United States Bankruptcy Court, D. Connecticut
Aug 21, 1985
58 B.R. 635 (Bankr. D. Conn. 1985)

Summary

holding that the following general language in a mortgage was a sufficient basis for an attorneys' fee award in a chapter 13 case: "[i]n the event of default, Borrowers agree to pay reasonable attorney fees and reasonable foreclosure costs as set by court."

Summary of this case from In re Reid

Opinion

Bankruptcy Nos. 2-84-00326, 2-84-00327.

August 21, 1985.

Richard M. Leibert, Hartford, Conn., for debtors.

Joel M. Grafstein, East Hartford, Conn., for creditor, FinanceAmerica Mortg. Service, Inc.


MEMORANDUM OF DECISION AND ORDER


I. A.

The matter before the court arises from an objection filed by David L. Salisbury and Helen F. Gach, allegedly solvent debtors in consolidated chapter 13 cases, to a secured claim of FinanceAmerica Mortgage Service, Inc. (FinanceAmerica). When the objection came on for hearing on April 30, 1985, the parties introduced no evidence and agreed to present the issues to the court by way of briefs. The parties have not agreed upon a stipulation of facts, and in their memoranda each has adverted to documents filed in the cases and to testimony presented during hearings on motions of FinanceAmerica for relief from stay. FinanceAmerica filed these motions on June 11, 1984, and hearings thereon were scheduled sporadically up to July 17, 1985, when the parties requested the motions go off the trial calendar until the present matter is resolved.

The debtors object to FinanceAmerica's claim that it is entitled to add the attorney fees it incurred in these bankruptcy proceedings to its debt. The following factual background has been culled from the sources referred to in the preceding paragraph and the petitions, schedules and motions as on file.

B.

The debtors, on October 17, 1978 executed a promissory note, apparently in the amount of $11,069.69, in favor of FinanceAmerica secured by a third mortgage on the debtors' residence located on Hinman Road, Watertown, Connecticut. On March 17, 1981, FinanceAmerica, after default, commenced an action to foreclose the mortgage. The state court rendered a judgment of strict foreclosure on October 19, 1982. The state court thereafter entered several amended judgments of strict foreclosure, the latest of which is dated August 22, 1983. That judgment, by stipulation of the debtors and FinanceAmerica, set May 1, 1984 as the last day for the debtors to redeem the property, and determined the debt due FinanceAmerica from the debtors to be $15,506.38, which amount included an attorney's fee of $2,750.00. The court also adjudged that FinanceAmerica was due a $250.00 appraisal fee, a $75.00 title search fee and $257.40 in other costs. For redemption purposes the judgment ordered interest on all sums payable at the rate of 8% per annum from August 22, 1983.

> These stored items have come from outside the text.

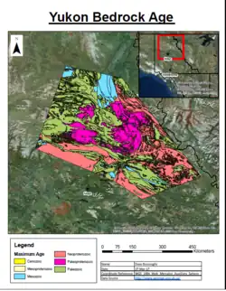 The Yukon's crystalline basement is overlain by thick sedimentary strata deposited in extensional and/or rift basin environments.[3] These basement rocks are not exposed anywhere in the Yukon, and the thickness of the surpracrustal sediments makes surveying using aeromagnetics, a technique used for inferring basement character in NWT, difficult.[5] Hence, the character of the underlying crystalline basement of the Wernecke range is not well-known.[5] Estimates for the age of the basement rock ranges from Archean to early Proterozoic.[3][5] These rocks are hypothesized to be a thinned continuation of the granitic Fort Simpson terrane exposed to the East based on aeromagnetic and gravity anomalies combined with drill-hole analyses in NWT.[3][5]
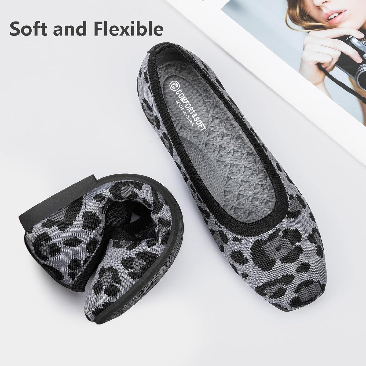 Frank Mully Women’s Flats Square Toe Flats Comfortable Slip on Washable Ballet Flats Shoes for Women Dressy Work(Leopard Grey)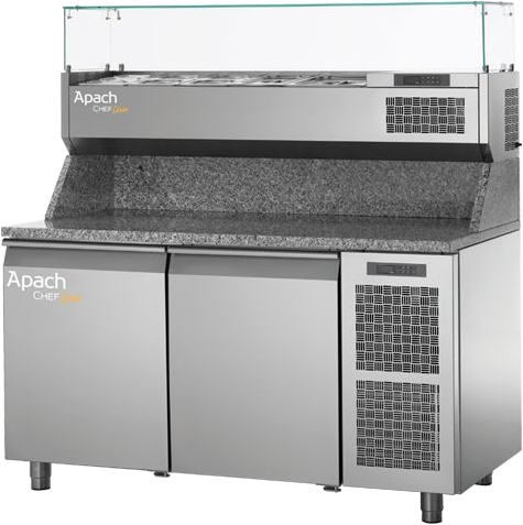 Стол для пиццы APACH Chef Line LTPZ11TUD38 c агрегатом предназначен для охлаждения, хранения и разделки продуктов для пиццы, а также для раскатки теста. Имеет самозакрывающиеся реверсивные дверцы с магнитными трёхкамерными уплотнителями и регулируемые по высоте ножки (100-150 мм).

Helen F. Gach filed a chapter 13 petition on October 19, 1982, which stayed the mortgage foreclosure action until the petition was dismissed.

The debtors filed individual chapter 13 petitions on April 30, 1984, one day before the stipulated-to law day. They neither filed schedules with their petitions nor appeared at the meetings of creditors set by the court for May 21, 1984. FinanceAmerica thereupon filed motions to dismiss or convert the cases. The debtors submitted their schedules on June 12, 1984, and their chapter 13 plans on June 18, 1984, as a result of which the FinanceAmerica motions to dismiss or convert were not pressed.

On June 11, 1984, FinanceAmerica filed motions for relief from stay in both debtor cases, alleging that the debtors had no equity in the property on which FinanceAmerica held its mortgage and that the property was not necessary to any reorganization. At the request of the debtors, the court entered an order substantively and administratively consolidating their cases. The debtors filed a modified chapter 13 plan on November 7, 1984, on which a confirmation hearing has not yet been concluded. Hearings on the relief from stay motions were held on November 7, 1984 and December 5, 1984, when the parties offered testimony through expert appraisers as to the value of the property. The debtors' appraiser set the value at $75,000.00, and the FinanceAmerica appraiser valued the property at $53,500.00. At the December 5, 1984 hearing, a United States attorney (Internal Revenue Service) appeared and participated in the hearing, based upon a claim of unpaid taxes.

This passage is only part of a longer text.